• TASK: Retype exactly the span of lines below from the one with "イトヒバは赤身のある綺麗な木" through the one with "- USDA CERTIFIED". Do not include pictures.

BEGIN TASK INPUT

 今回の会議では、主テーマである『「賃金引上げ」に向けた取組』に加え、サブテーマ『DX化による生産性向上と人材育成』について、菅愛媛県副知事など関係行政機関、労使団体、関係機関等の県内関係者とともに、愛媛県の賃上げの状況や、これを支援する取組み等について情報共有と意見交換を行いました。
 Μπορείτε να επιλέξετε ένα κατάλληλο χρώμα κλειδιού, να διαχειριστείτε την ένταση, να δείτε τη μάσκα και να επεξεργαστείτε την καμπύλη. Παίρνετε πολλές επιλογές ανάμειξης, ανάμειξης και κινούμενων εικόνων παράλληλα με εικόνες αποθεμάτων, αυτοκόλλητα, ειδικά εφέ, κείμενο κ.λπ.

END TASK INPUT
BEGIN TASK INPUT

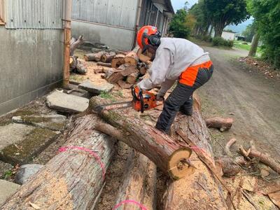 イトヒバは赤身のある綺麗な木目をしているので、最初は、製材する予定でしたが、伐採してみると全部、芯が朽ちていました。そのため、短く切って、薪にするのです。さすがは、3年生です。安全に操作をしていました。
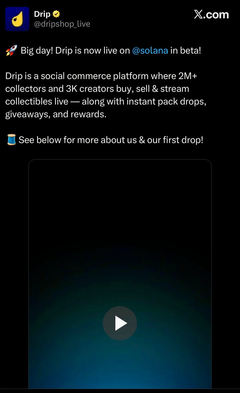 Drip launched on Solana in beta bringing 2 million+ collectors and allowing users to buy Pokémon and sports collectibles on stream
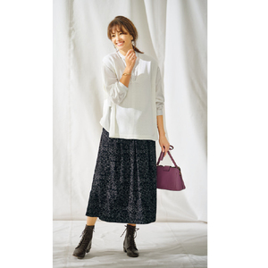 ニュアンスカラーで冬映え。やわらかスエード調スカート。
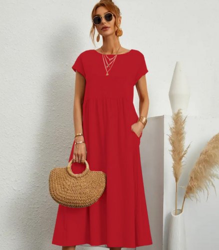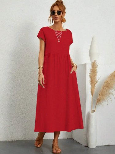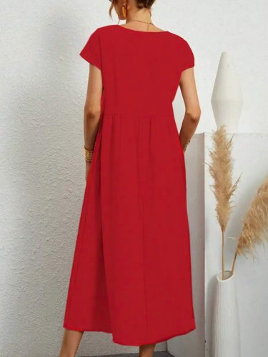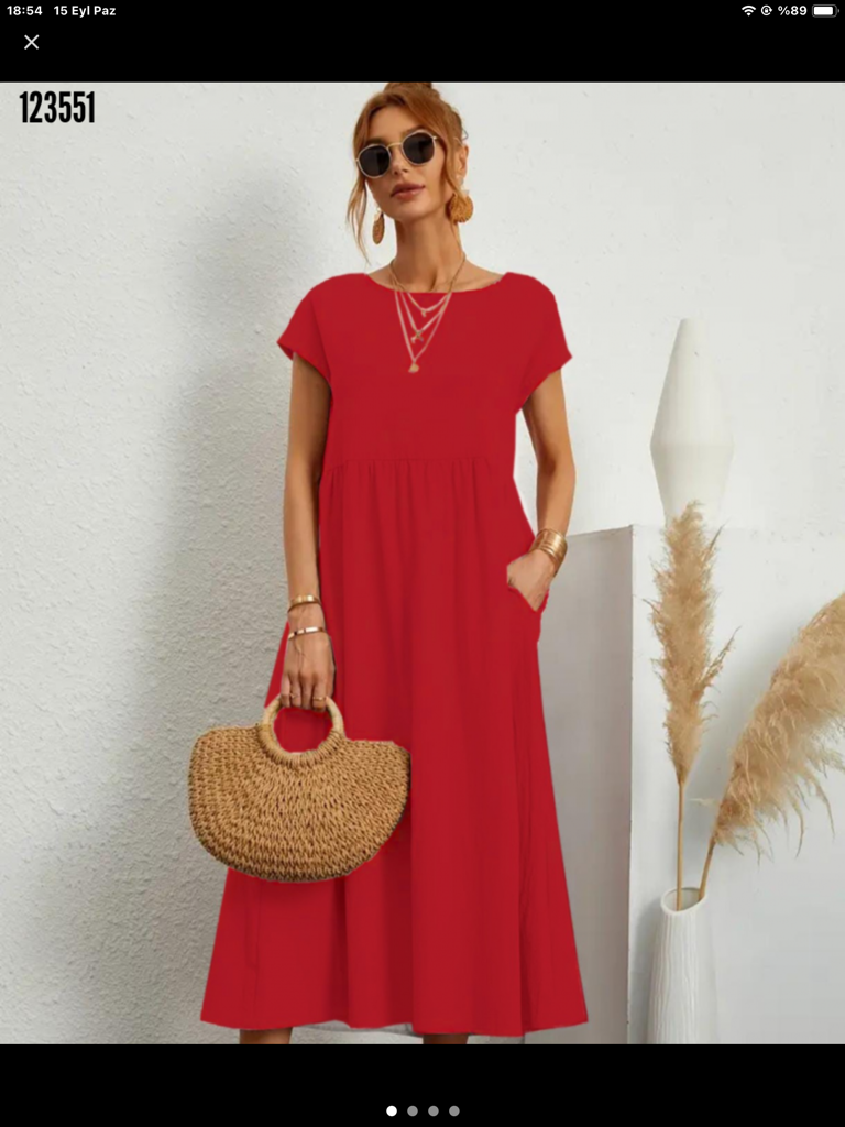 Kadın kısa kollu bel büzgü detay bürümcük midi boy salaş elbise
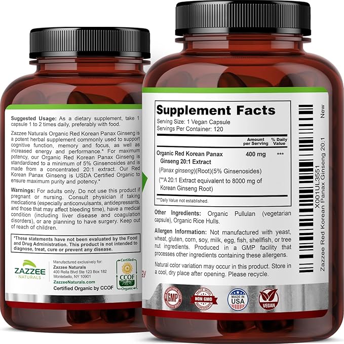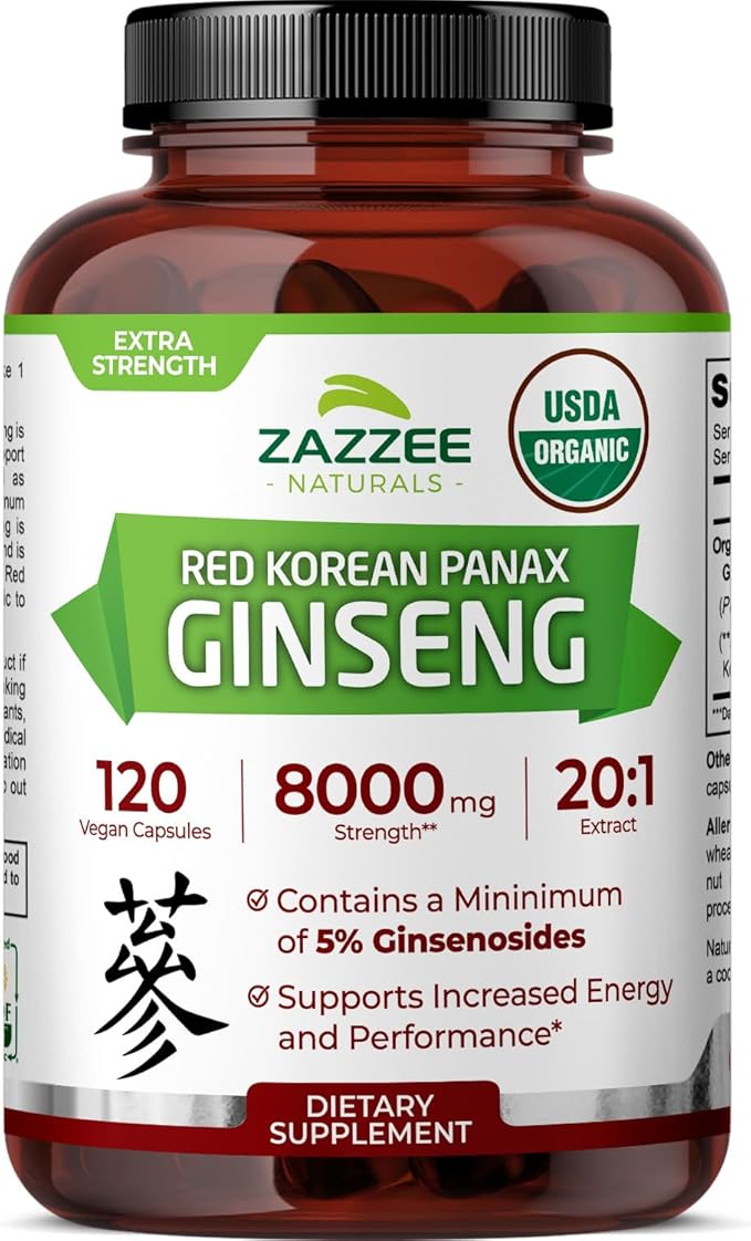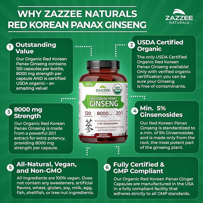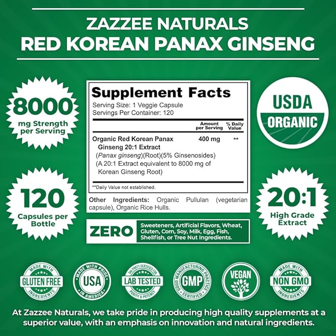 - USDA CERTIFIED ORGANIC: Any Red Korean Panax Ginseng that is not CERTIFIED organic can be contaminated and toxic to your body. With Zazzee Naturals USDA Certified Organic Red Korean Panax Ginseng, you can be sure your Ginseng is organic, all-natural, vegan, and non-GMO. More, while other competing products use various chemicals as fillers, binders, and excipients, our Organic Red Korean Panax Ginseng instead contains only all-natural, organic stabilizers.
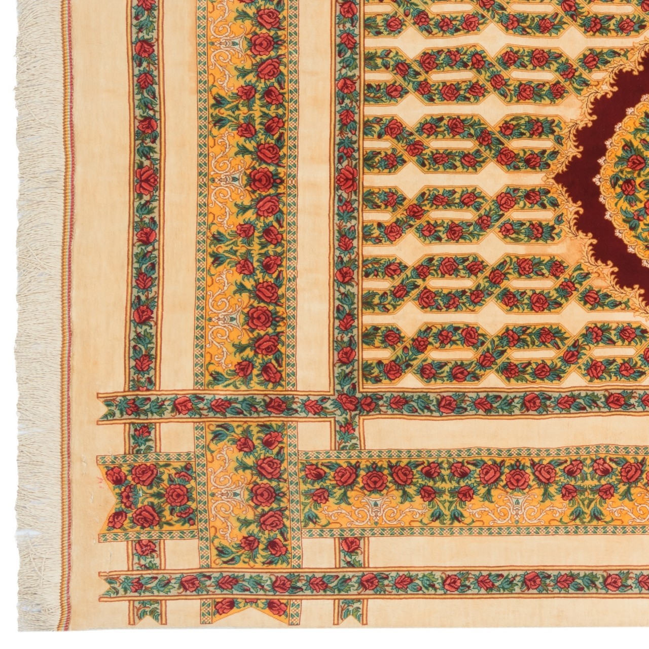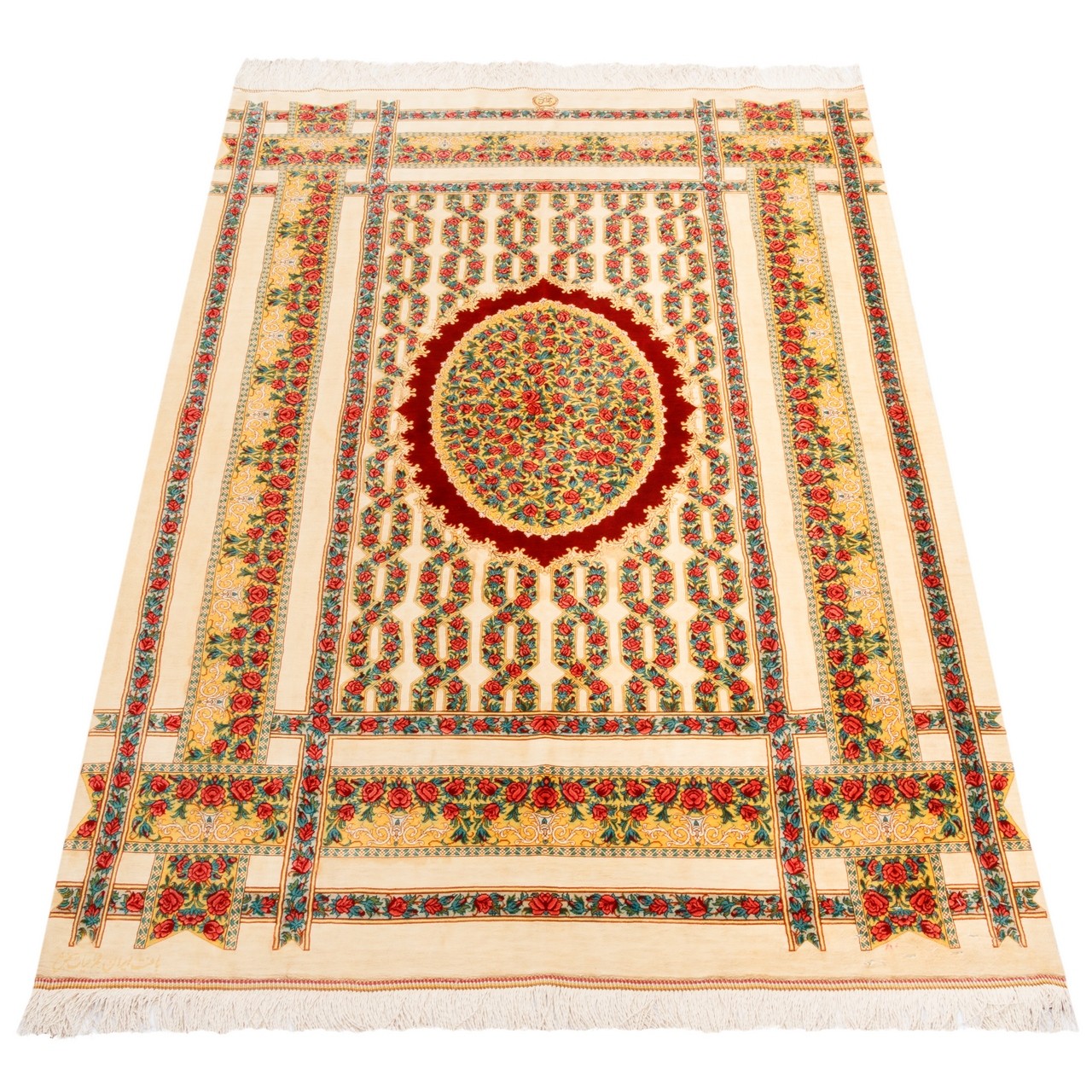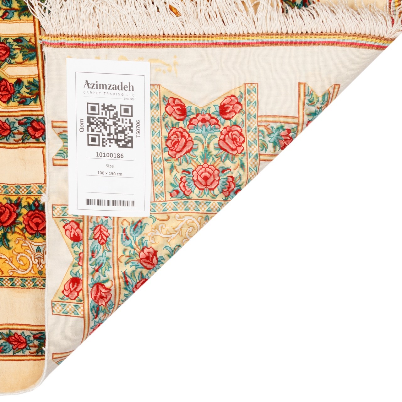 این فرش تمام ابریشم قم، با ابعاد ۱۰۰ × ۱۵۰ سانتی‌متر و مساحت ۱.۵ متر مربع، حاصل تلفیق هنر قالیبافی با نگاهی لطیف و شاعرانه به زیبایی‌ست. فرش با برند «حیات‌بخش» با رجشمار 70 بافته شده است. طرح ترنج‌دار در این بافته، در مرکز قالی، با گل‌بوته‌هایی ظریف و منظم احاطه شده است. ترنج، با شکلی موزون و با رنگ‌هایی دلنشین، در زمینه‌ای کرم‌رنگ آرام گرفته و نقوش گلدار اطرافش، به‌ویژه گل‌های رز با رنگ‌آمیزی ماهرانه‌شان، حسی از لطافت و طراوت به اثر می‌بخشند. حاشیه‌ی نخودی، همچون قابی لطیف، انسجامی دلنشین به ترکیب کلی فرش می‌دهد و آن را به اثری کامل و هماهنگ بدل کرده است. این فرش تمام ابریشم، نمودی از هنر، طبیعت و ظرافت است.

END TASK INPUT

• TASK RESPONSE:
 イトヒバは赤身のある綺麗な木目をしているので、最初は、製材する予定でしたが、伐採してみると全部、芯が朽ちていました。そのため、短く切って、薪にするのです。さすがは、3年生です。安全に操作をしていました。
 Drip launched on Solana in beta bringing 2 million+ collectors and allowing users to buy Pokémon and sports collectibles on stream
 ニュアンスカラーで冬映え。やわらかスエード調スカート。
 Kadın kısa kollu bel büzgü detay bürümcük midi boy salaş elbise
 - USDA CERTIFIED ORGANIC: Any Red Korean Panax Ginseng that is not CERTIFIED organic can be contaminated and toxic to your body. With Zazzee Naturals USDA Certified Organic Red Korean Panax Ginseng, you can be sure your Ginseng is organic, all-natural, vegan, and non-GMO. More, while other competing products use various chemicals as fillers, binders, and excipients, our Organic Red Korean Panax Ginseng instead contains only all-natural, organic stabilizers.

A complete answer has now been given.